9時に出勤して17時に退勤。暦通りの休日。12時前後になればお腹が空く。
社会人6年目、一般的によく聞く社会人という型で働き始めて約2週間。
入社して5年間とは生活スタイルも業務も何もかもが異なる2週間。

一応5年間で培った知識を使用する場面はあれど、対局的に見れば全く異なるフィールドへと移行したわけだが、意外にも業務は楽しい。
ありがたいことに今年度は実業務として動く場面のほかに、会社全体で実施するプロジェクトの1つにおいてリーダーをさせていただけることになった。

高い山程燃える性格であることがバレているのだろう。
ご期待通り、従来を踏襲するなんて面白みもないことはやめる。
手のひらで踊らされているように手のひらを燃やしていこうだなんて画策している私。
始まったばかりの2025年度、自分の努力によっては大きく成長できる機会となるだろう。
そういう意味では私と会社の関係はずぶずぶだと言える。
昨年度まではその表現に間髪入れず首を縦に振っていただろう。

◎          ◎

しかし今年度は少し変化がある。
そこには休日と平日のメリハリがはっきりとついたという変化が影響していると言えるだろう。

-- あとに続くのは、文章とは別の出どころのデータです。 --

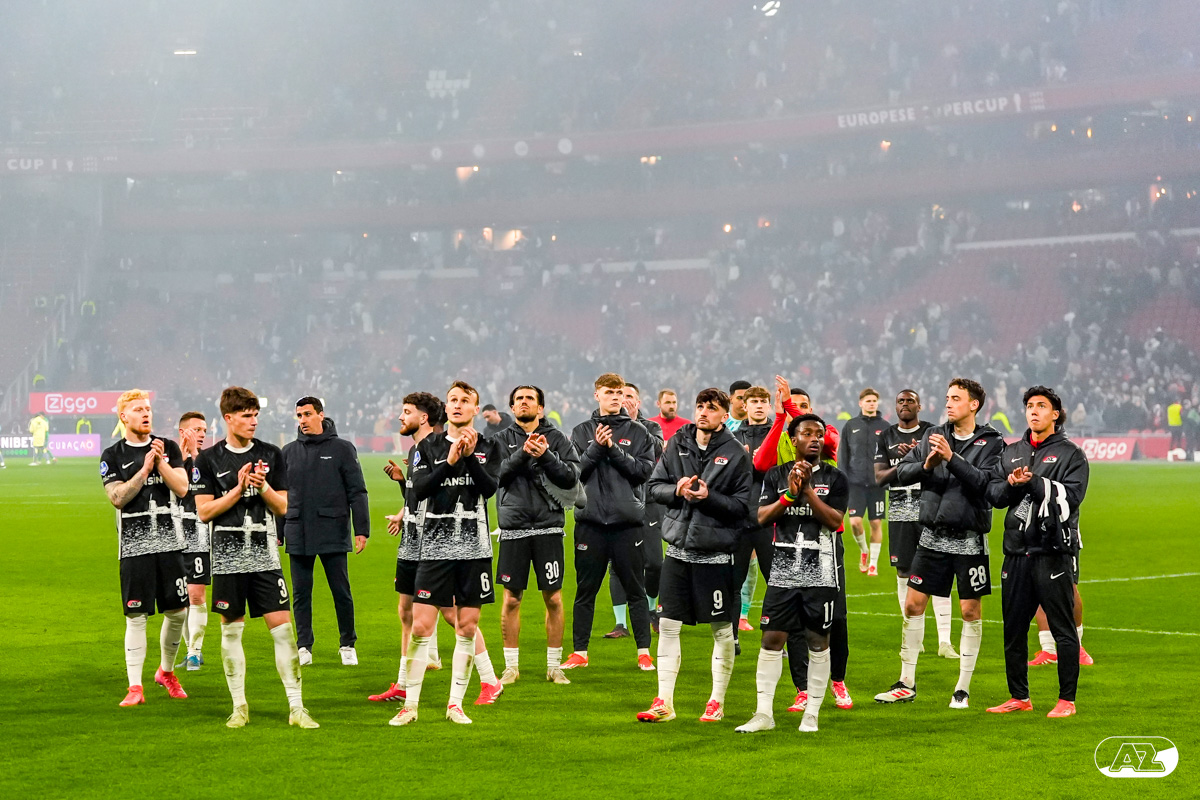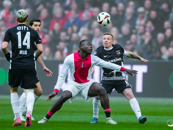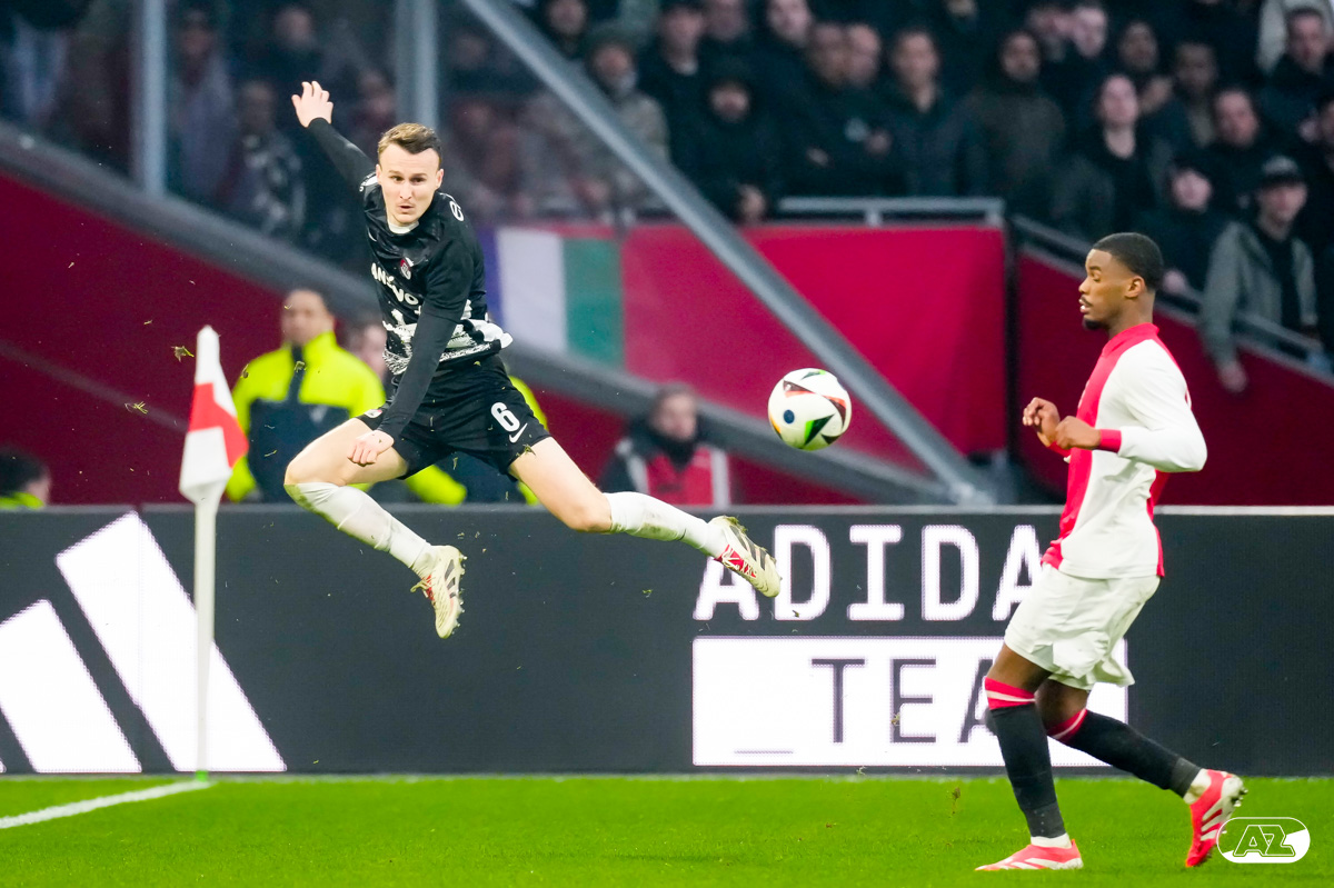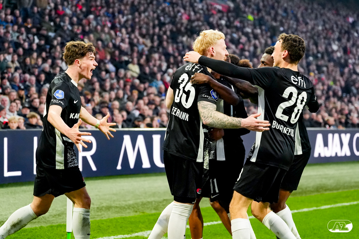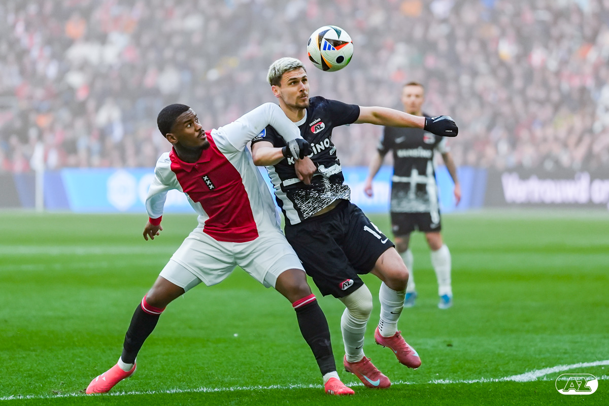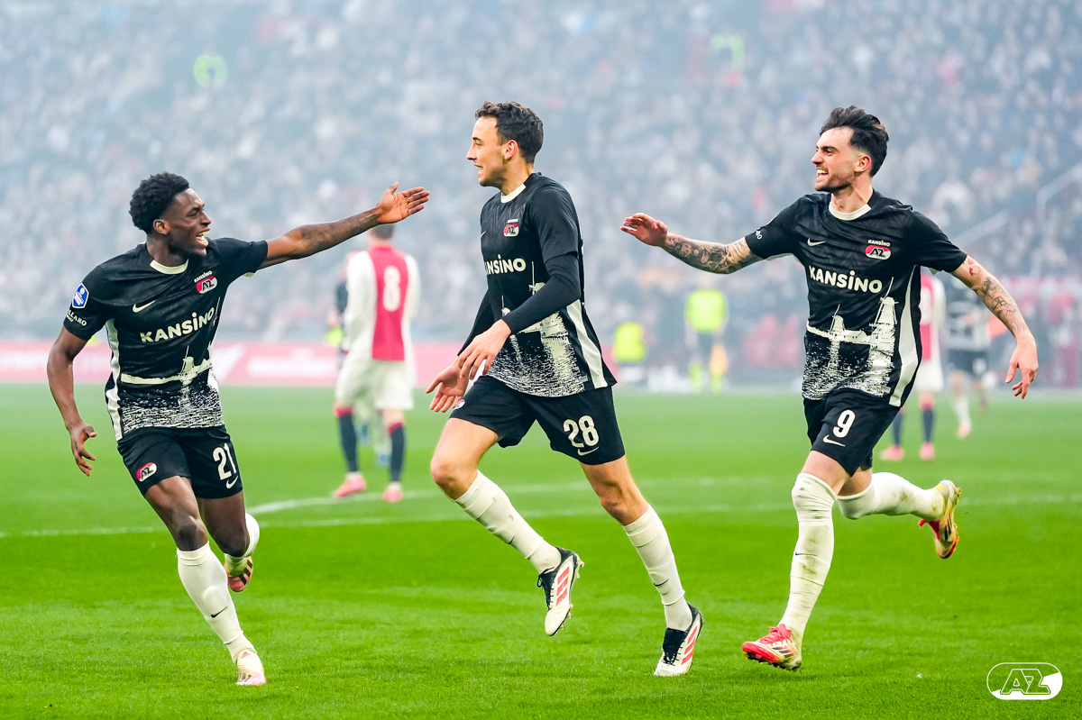 AMSTERDAM- AZ heeft zondagmiddag een gelijkspel behaald tegen koploper Ajax. In een intense tweede helft namen de Alkmaarders tweemaal de leiding, maar slaagden er met tien tegen tien niet in om de volle winst binnen te halen: 2-2. Bekijk hier de wedstrijd in beeld (foto's van Ed van de Pol).

昨年度は特に資格の勉強をしていたこともあり、平日と休日の境界が限りなく曖昧だった。
資格勉強という名目で休日に会社メールを開くことに躊躇はなく、ついでに一つ業務を終わらせてしまえ、なんてさっと仕事を片付けることもちらほら。
良くない事だと分かってはいたが、つい。
テレビで罪を犯した人間が使うような理由のようで少し聞き感触が悪いが、そのくらい休日と平日の境界が薄かった。

暦でもくっきり分かれた今年度、すでに金曜日が待ち遠しくて仕方がない。
前述した通り、新しい仕事は完全に慣れたわけではないが楽しくやれている。
しかし仕事のために生きているわけではない。
豊かな人生を生きるための一つとして仕事があるだけなのである。
これまではそれらのバランスをうまく保つことができなかった。
今年度は蔑ろにしていた分、全力で休日を楽しむ。
その中でも金曜夜はいわばテーマパークの入り口のようなもの、一番楽しくで高まる瞬間なのである。

◎          ◎

最後の一切れになったチキン南蛮を頬張りながら躊躇いなくスーパーカップを取り出す。
最初はスプーンで王道に。
少し柔らかくなってきたら冷やしていたブルボンのチョコスティック菓子につけて食べる。
すでにカンストしている幸福に包まれながら、熱々に張ったお湯へと浸かる。
文字に起こすのも恥ずかしいほどの野生的な感嘆詞が湯船の底へと落ちていく。
脱衣所から聞こえる最新アルバムを聴きながら、しっかり汗をかく。
火照った顔を沈静化させるのは今日に合わせて購入したスーパーパック。

時刻は午前0時過ぎ、これでもかと詰め込んだ金曜夜。
素晴らしい休日を迎えるための最高のスタートダッシュと言っても過言ではない。
自分の人生を豊かにする、ついでに会社でのパフォーマンスが上がる、こんな最高なことはない。
来週の金曜はどうしよう、そんなことを考えながらまた月曜から全力で生きる。